◆ **WHAT IS REQUIRED**: In your copy, reproduce each entry exactly and include no picture.

◆ **DATA EXTRACTS**:
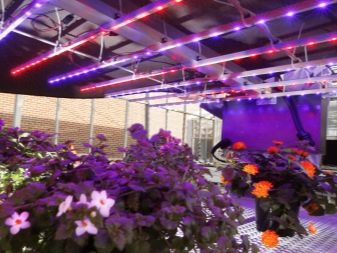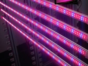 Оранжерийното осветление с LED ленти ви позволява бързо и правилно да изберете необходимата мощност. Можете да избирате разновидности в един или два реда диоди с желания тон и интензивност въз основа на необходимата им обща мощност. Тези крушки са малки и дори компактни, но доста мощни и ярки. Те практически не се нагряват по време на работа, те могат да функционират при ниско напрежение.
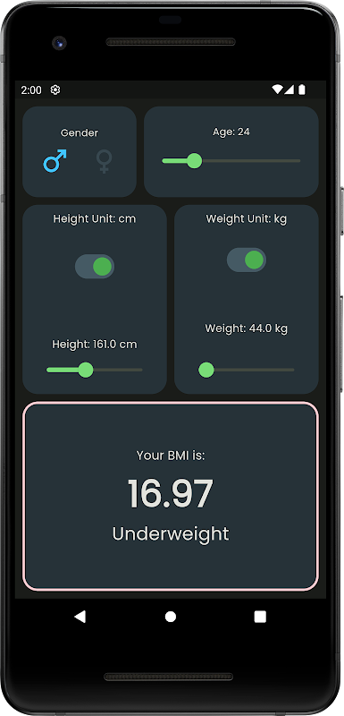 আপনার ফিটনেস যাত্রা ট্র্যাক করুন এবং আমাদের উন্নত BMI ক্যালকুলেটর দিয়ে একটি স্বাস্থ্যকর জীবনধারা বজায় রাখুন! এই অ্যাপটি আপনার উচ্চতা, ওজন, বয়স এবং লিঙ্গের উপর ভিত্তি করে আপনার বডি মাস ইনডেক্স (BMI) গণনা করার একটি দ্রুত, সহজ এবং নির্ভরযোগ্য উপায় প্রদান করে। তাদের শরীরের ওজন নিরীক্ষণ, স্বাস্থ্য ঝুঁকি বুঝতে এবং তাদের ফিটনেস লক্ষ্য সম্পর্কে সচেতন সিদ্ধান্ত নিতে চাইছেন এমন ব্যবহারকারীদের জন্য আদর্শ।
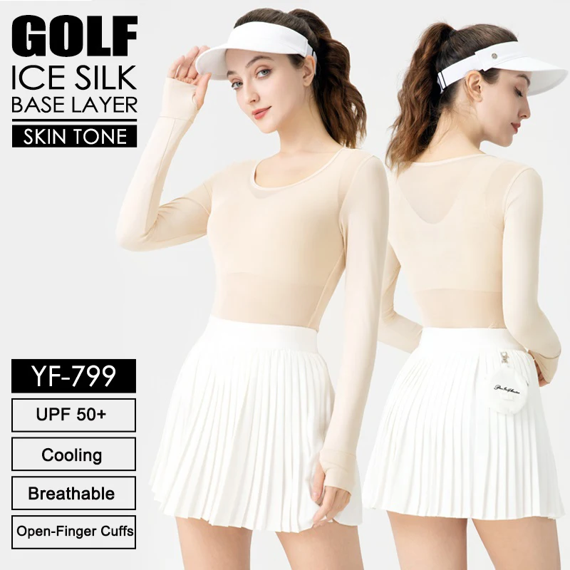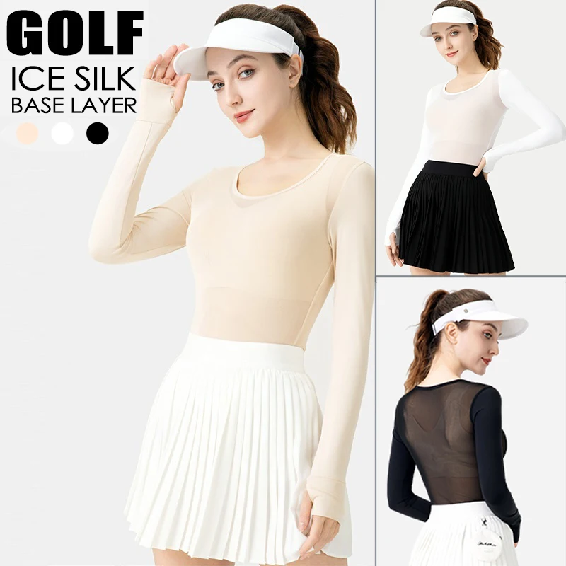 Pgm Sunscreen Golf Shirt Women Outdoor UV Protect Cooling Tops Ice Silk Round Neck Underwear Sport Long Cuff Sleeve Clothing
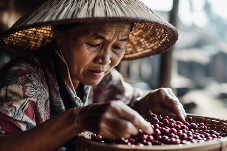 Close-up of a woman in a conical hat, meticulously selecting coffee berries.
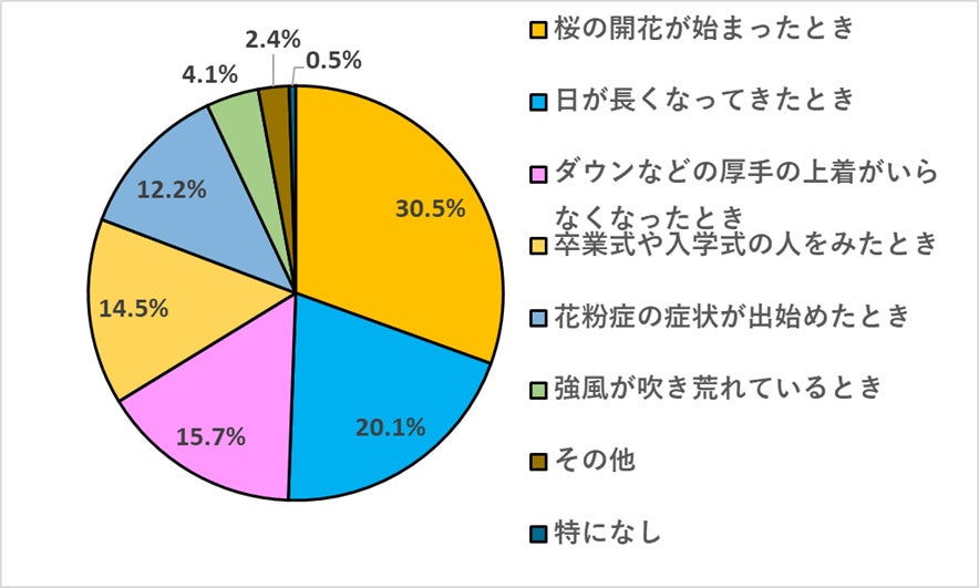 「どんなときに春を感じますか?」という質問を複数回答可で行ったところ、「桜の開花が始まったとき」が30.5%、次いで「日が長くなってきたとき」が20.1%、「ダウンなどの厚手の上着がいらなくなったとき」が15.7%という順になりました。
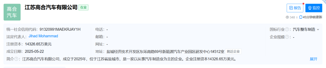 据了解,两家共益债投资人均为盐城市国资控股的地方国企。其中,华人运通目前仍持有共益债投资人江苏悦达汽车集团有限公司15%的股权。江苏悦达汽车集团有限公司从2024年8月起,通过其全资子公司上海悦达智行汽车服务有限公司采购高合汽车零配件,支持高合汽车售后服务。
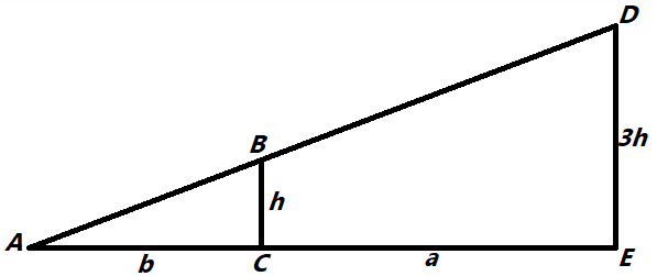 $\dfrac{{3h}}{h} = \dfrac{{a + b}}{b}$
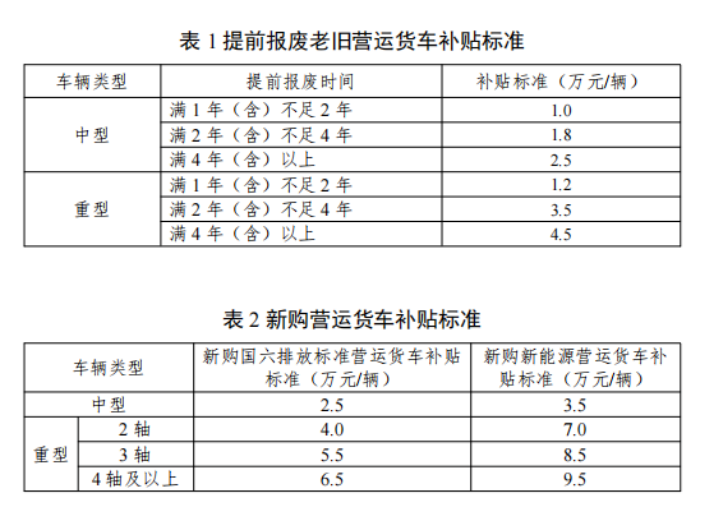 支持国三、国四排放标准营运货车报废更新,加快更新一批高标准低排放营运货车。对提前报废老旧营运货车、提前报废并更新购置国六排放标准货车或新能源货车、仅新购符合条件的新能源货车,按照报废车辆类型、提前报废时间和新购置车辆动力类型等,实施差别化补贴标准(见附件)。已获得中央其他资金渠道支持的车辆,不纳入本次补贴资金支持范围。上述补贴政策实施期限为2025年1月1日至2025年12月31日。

◆ **RESPONSE BOX**:
 Оранжерийното осветление с LED ленти ви позволява бързо и правилно да изберете необходимата мощност. Можете да избирате разновидности в един или два реда диоди с желания тон и интензивност въз основа на необходимата им обща мощност. Тези крушки са малки и дори компактни, но доста мощни и ярки. Те практически не се нагряват по време на работа, те могат да функционират при ниско напрежение.
 আপনার ফিটনেস যাত্রা ট্র্যাক করুন এবং আমাদের উন্নত BMI ক্যালকুলেটর দিয়ে একটি স্বাস্থ্যকর জীবনধারা বজায় রাখুন! এই অ্যাপটি আপনার উচ্চতা, ওজন, বয়স এবং লিঙ্গের উপর ভিত্তি করে আপনার বডি মাস ইনডেক্স (BMI) গণনা করার একটি দ্রুত, সহজ এবং নির্ভরযোগ্য উপায় প্রদান করে। তাদের শরীরের ওজন নিরীক্ষণ, স্বাস্থ্য ঝুঁকি বুঝতে এবং তাদের ফিটনেস লক্ষ্য সম্পর্কে সচেতন সিদ্ধান্ত নিতে চাইছেন এমন ব্যবহারকারীদের জন্য আদর্শ।
 Pgm Sunscreen Golf Shirt Women Outdoor UV Protect Cooling Tops Ice Silk Round Neck Underwear Sport Long Cuff Sleeve Clothing
 Close-up of a woman in a conical hat, meticulously selecting coffee berries.
 「どんなときに春を感じますか?」という質問を複数回答可で行ったところ、「桜の開花が始まったとき」が30.5%、次いで「日が長くなってきたとき」が20.1%、「ダウンなどの厚手の上着がいらなくなったとき」が15.7%という順になりました。
 据了解,两家共益债投资人均为盐城市国资控股的地方国企。其中,华人运通目前仍持有共益债投资人江苏悦达汽车集团有限公司15%的股权。江苏悦达汽车集团有限公司从2024年8月起,通过其全资子公司上海悦达智行汽车服务有限公司采购高合汽车零配件,支持高合汽车售后服务。
 $\dfrac{{3h}}{h} = \dfrac{{a + b}}{b}$
 支持国三、国四排放标准营运货车报废更新,加快更新一批高标准低排放营运货车。对提前报废老旧营运货车、提前报废并更新购置国六排放标准货车或新能源货车、仅新购符合条件的新能源货车,按照报废车辆类型、提前报废时间和新购置车辆动力类型等,实施差别化补贴标准(见附件)。已获得中央其他资金渠道支持的车辆,不纳入本次补贴资金支持范围。上述补贴政策实施期限为2025年1月1日至2025年12月31日。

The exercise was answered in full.